═══ Task data ═══
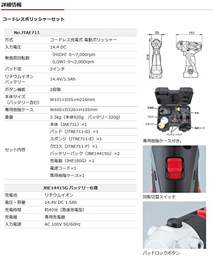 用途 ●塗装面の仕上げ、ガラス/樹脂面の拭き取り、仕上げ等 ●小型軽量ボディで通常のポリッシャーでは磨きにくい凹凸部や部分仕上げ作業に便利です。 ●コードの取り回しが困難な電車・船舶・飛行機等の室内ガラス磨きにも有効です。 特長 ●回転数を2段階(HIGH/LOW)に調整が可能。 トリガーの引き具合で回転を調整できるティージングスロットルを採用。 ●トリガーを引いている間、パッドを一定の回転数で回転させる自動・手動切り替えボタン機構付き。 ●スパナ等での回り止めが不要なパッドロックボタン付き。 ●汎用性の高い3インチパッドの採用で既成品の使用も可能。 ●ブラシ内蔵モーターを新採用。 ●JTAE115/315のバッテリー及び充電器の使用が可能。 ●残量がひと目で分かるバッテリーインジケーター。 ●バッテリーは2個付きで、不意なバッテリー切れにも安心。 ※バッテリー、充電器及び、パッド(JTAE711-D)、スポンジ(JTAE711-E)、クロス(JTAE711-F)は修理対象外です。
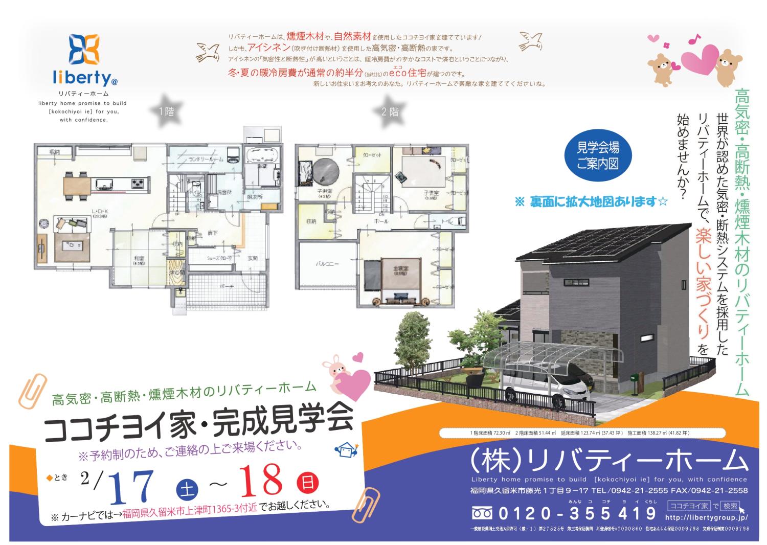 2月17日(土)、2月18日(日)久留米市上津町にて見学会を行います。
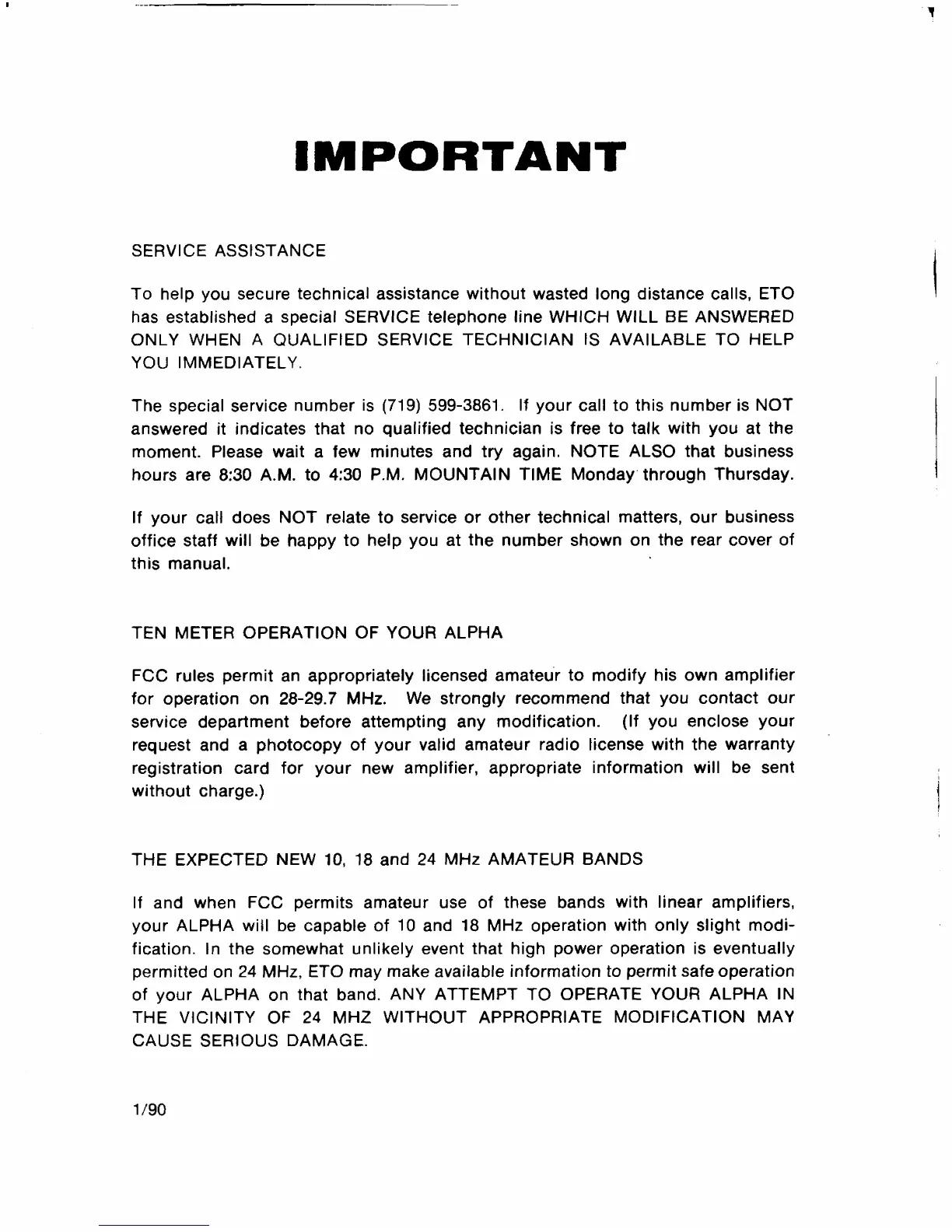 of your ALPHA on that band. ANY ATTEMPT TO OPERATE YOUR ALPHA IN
═══
═══ Task data ═══
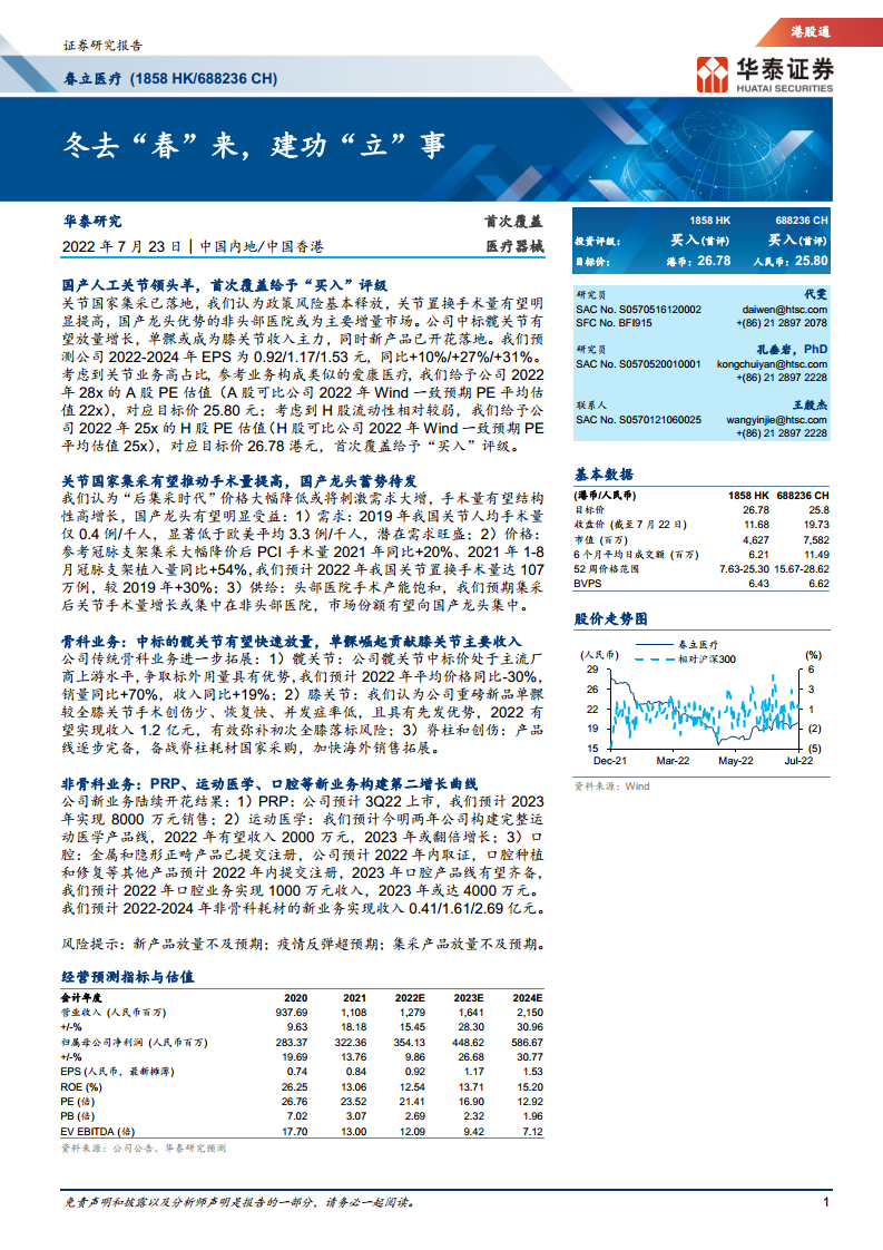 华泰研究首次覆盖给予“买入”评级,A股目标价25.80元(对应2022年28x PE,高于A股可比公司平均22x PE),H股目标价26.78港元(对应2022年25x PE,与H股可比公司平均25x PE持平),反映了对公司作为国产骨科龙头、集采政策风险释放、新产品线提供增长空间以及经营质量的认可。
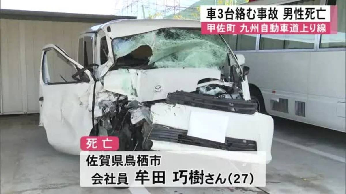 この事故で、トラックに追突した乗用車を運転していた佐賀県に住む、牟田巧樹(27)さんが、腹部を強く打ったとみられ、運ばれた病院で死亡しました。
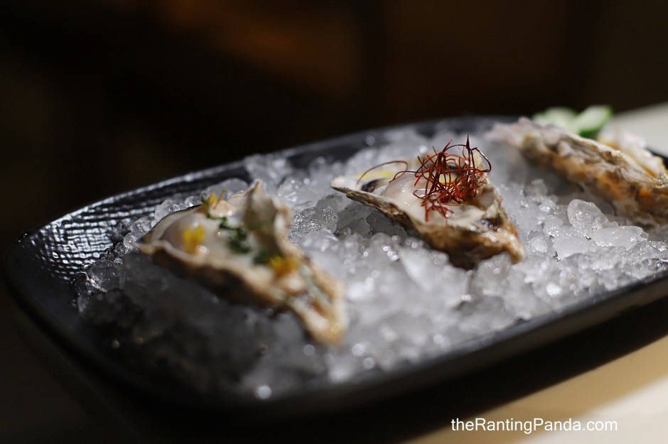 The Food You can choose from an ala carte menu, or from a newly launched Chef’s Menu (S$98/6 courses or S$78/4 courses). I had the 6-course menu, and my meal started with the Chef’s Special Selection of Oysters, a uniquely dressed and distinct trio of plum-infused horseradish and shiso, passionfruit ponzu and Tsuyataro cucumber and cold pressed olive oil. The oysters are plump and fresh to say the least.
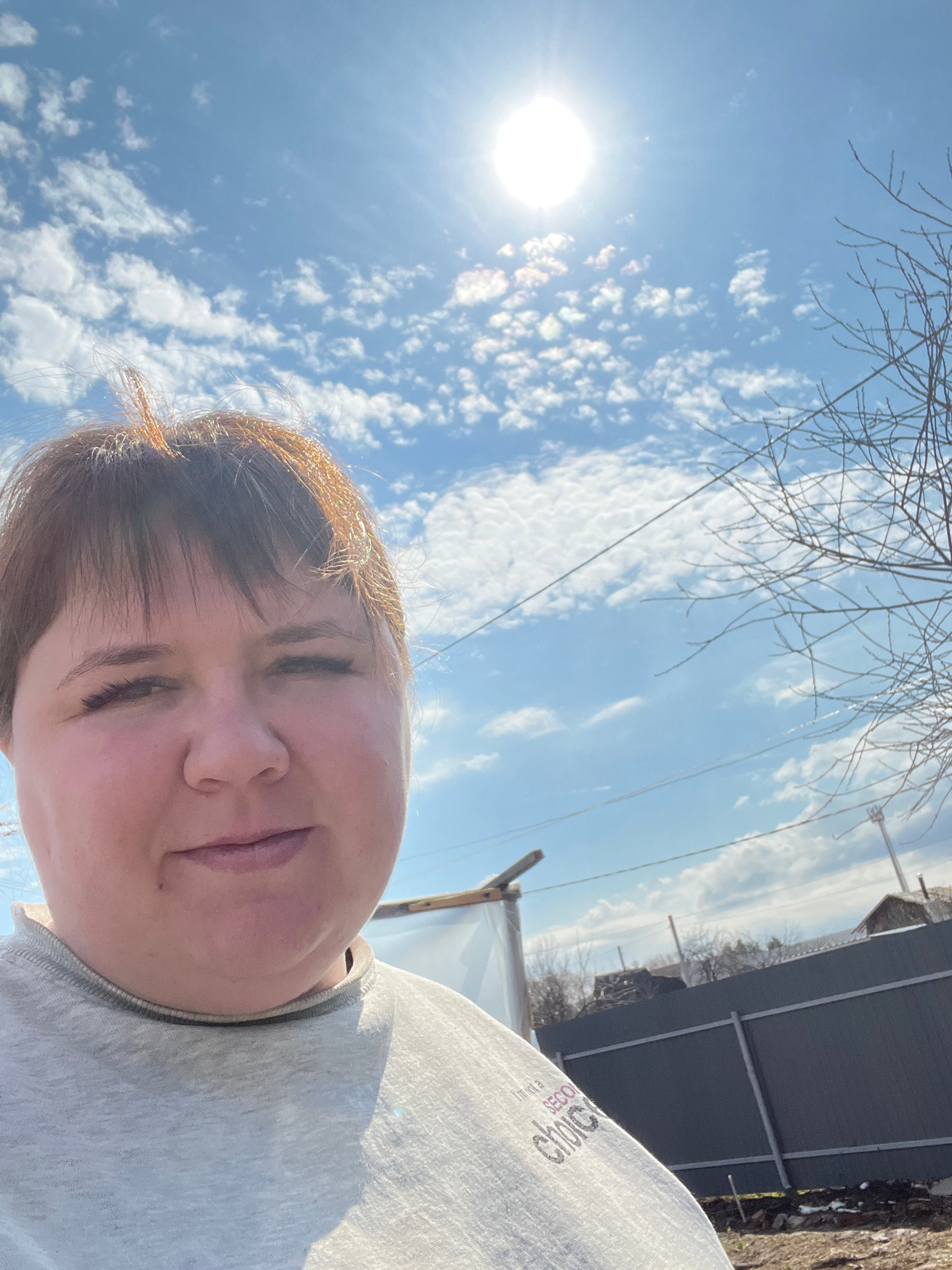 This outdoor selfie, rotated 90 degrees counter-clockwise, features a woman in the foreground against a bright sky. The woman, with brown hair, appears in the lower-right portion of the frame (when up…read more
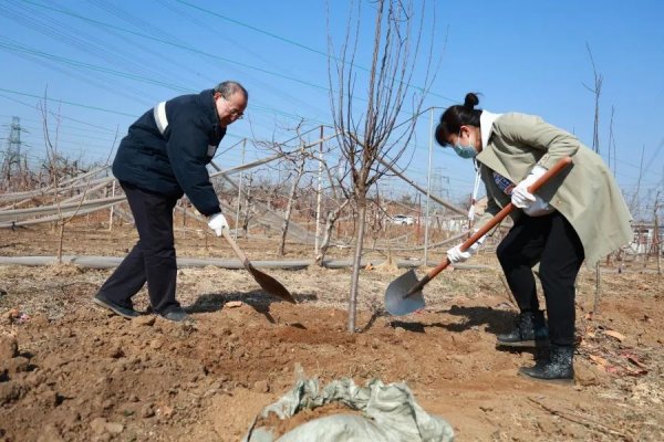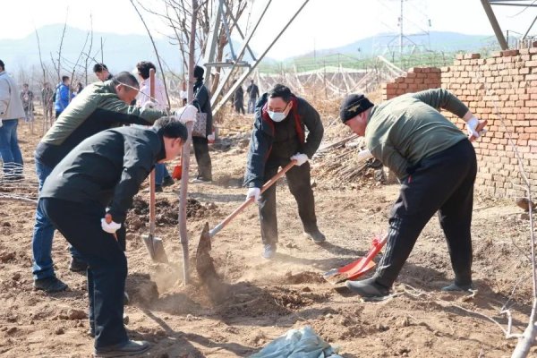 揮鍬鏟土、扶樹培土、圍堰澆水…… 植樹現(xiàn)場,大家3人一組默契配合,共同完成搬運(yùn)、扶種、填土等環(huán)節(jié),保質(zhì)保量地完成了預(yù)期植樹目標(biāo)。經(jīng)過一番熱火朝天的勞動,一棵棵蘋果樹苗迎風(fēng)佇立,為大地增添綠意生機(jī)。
═══
═══ Task data ═══
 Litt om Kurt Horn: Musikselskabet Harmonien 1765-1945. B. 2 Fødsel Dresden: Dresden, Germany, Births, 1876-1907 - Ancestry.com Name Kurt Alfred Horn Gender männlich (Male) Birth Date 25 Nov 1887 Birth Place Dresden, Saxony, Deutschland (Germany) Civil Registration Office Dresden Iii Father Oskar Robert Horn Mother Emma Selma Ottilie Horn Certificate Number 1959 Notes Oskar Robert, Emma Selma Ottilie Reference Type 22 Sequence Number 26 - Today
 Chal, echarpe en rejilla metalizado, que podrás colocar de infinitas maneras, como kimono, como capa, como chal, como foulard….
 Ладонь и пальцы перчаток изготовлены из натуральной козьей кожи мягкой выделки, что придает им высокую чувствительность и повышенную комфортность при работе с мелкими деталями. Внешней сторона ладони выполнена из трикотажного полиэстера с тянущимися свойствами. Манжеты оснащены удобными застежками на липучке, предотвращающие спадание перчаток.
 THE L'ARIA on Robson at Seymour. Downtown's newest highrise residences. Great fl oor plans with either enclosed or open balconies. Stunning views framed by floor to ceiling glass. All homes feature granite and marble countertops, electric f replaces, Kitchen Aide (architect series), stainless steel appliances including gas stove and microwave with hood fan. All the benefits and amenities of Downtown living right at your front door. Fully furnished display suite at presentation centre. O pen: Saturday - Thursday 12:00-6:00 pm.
═══
[Exercise] Nothing but the lines above from the one that has "This outdoor selfie, rotated" down to the one that has "揮鍬鏟土、扶樹培土、圍堰澆水" belongs in the answer, copied exactly, without pictures.

[Written response]
 This outdoor selfie, rotated 90 degrees counter-clockwise, features a woman in the foreground against a bright sky. The woman, with brown hair, appears in the lower-right portion of the frame (when up…read more
 揮鍬鏟土、扶樹培土、圍堰澆水…… 植樹現(xiàn)場,大家3人一組默契配合,共同完成搬運(yùn)、扶種、填土等環(huán)節(jié),保質(zhì)保量地完成了預(yù)期植樹目標(biāo)。經(jīng)過一番熱火朝天的勞動,一棵棵蘋果樹苗迎風(fēng)佇立,為大地增添綠意生機(jī)。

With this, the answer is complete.